ASSIGNMENT:
For the entries below, copy exactly the line that contains "Kapolsek Bersama Anggota" through the line that contains "rozdzielczości do 5760x3840.", both ends included, and exclude all pictures.

INFORMATION:
■ ■ ■ ■

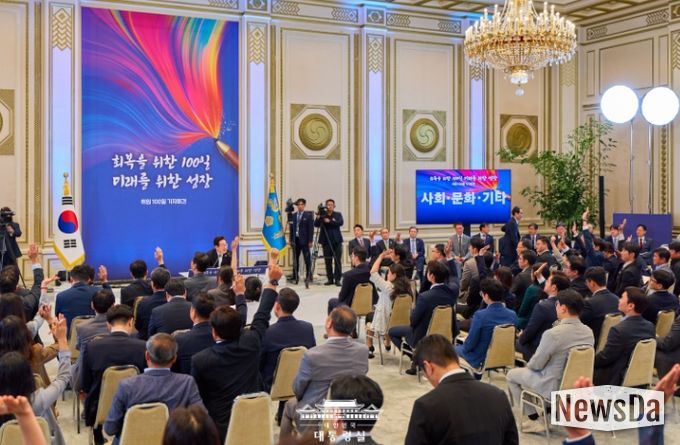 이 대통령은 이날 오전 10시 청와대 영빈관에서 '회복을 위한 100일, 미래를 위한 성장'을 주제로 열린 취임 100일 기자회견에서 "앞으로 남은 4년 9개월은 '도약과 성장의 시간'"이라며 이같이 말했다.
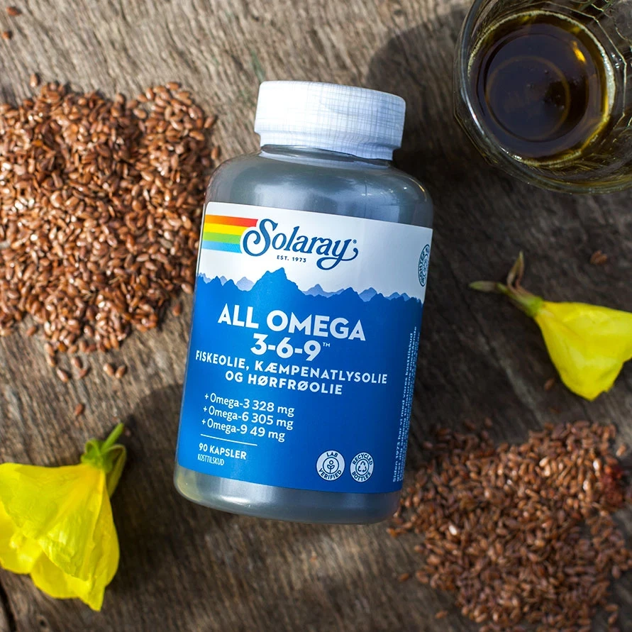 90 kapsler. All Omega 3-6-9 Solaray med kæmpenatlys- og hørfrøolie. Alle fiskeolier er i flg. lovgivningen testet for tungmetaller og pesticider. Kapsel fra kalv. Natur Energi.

■ ■ ■ ■

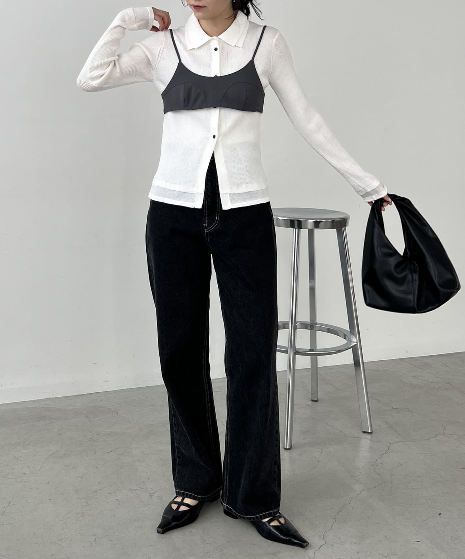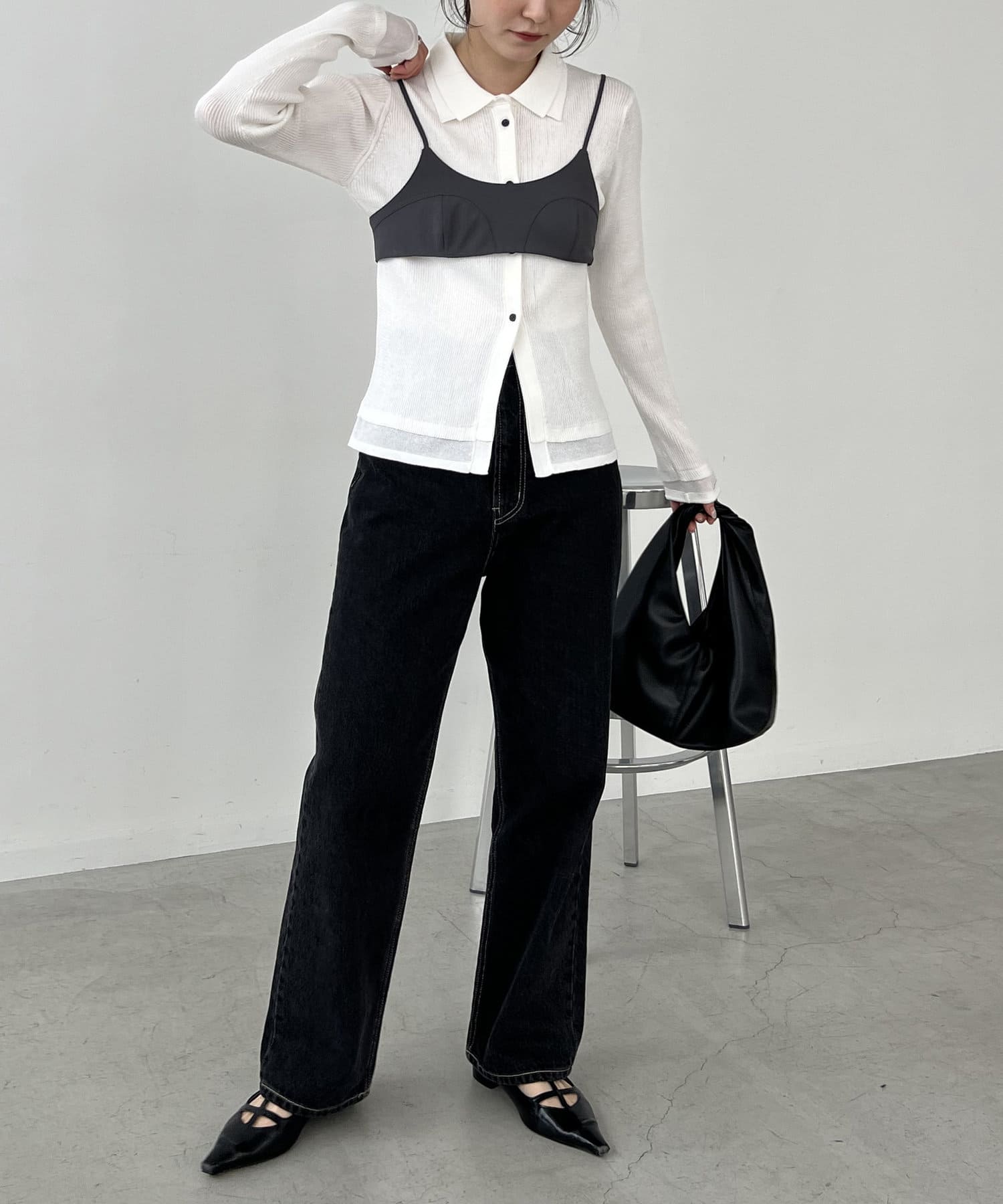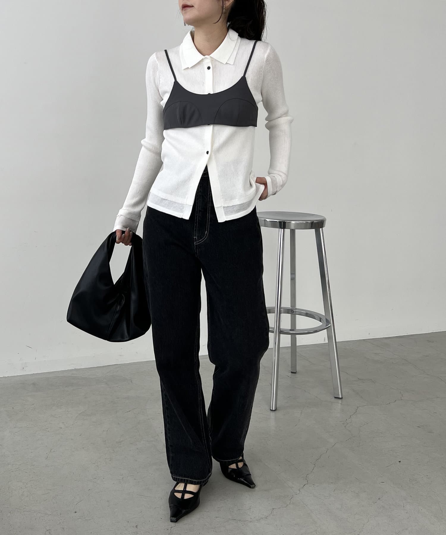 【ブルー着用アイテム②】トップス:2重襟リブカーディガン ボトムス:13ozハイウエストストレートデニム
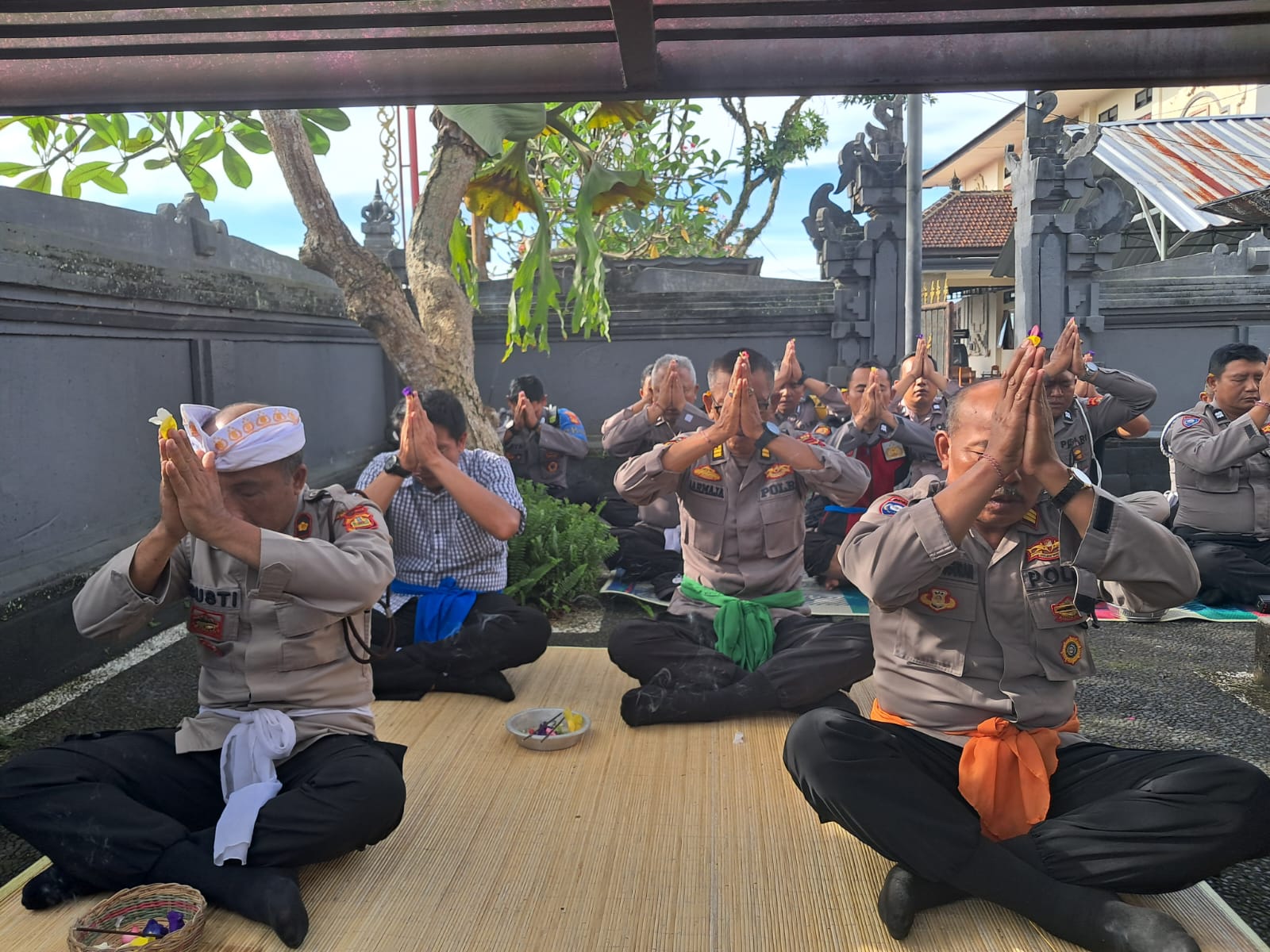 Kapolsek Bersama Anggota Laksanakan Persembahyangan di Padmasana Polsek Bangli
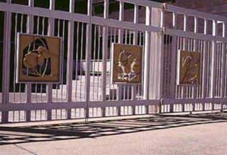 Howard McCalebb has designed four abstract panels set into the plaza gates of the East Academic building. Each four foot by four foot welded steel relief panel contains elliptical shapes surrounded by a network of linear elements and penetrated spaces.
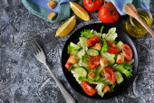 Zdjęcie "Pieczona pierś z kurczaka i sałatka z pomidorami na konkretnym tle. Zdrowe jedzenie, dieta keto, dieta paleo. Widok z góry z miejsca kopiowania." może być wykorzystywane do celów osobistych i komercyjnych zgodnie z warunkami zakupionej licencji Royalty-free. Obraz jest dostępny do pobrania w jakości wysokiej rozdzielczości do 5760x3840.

■ ■ ■ ■

ANSWER:
 Kapolsek Bersama Anggota Laksanakan Persembahyangan di Padmasana Polsek Bangli
 Howard McCalebb has designed four abstract panels set into the plaza gates of the East Academic building. Each four foot by four foot welded steel relief panel contains elliptical shapes surrounded by a network of linear elements and penetrated spaces.
 Zdjęcie "Pieczona pierś z kurczaka i sałatka z pomidorami na konkretnym tle. Zdrowe jedzenie, dieta keto, dieta paleo. Widok z góry z miejsca kopiowania." może być wykorzystywane do celów osobistych i komercyjnych zgodnie z warunkami zakupionej licencji Royalty-free. Obraz jest dostępny do pobrania w jakości wysokiej rozdzielczości do 5760x3840.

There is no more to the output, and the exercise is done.